Bray v Ford [1896] AC 44 is an English defamation law case, which also concerns some principles of conflict of interest relevant for trusts and company law.

==Facts==
Mr Bray was a governor of Yorkshire College. Mr Ford was the vice-chairman of the governors and had also been working as a solicitor for the college. Bray sent him a letter, and circulated it to others, saying,

“Sir, during last summer, as you are aware, it came to my knowledge that whilst holding the fiduciary position of vice-chairman of the Yorkshire College you were illegally and improperly, as you know, making profit as its paid solicitor.”

This was held to be libellous by the jury at trial.
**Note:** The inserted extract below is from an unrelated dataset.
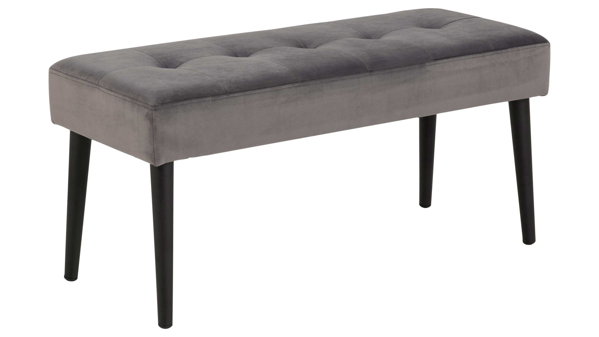 Die Polsterbank Glory begeistert mit ihrem edlen, modernen Design und bietet dazu hohen Komfort. Mattschwarze, rau pulverbeschichtete Metallfüße sorgen für die nötige Standfestigkeit. Das optische Highlight der Bank ist der klassisch-graue Samtbezug, der zum einen Extravaganz und zum anderen Gemütlichkeit ausstrahlt. Einen gelungenen Akzent setzt überdies die Rautenheftung der Sitzfläche.

But Cave J had directed the jury that the college's articles did in fact allow for pay of services as a solicitor. The jury awarded £600 damages, and the question was whether the award could stand in the face of the misdirection.
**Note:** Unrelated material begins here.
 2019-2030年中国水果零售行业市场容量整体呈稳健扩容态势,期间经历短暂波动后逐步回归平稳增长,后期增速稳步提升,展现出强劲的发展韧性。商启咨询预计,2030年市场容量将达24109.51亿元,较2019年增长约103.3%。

The Court of Appeal (Lord Esher MR, Lopes LJ and Rigby LJ) held this was a misdirection, but that it was libel anyway, the misdirection was unsubstantial and the jury would have decided the same.

==Judgement==
The House of Lords, composed of Lord Halsbury LC, Lord Watson, Lord Herschell, Lord Shand unanimously reversed the Court of Appeal's decision, on the basis that the decision of whether a libel existed was peculiarly within the jury's power to decide, and the misdirection did constitute a ‘substantial wrong or miscarriage’ requiring a new trial. Lord Herschell's opinion went as follows..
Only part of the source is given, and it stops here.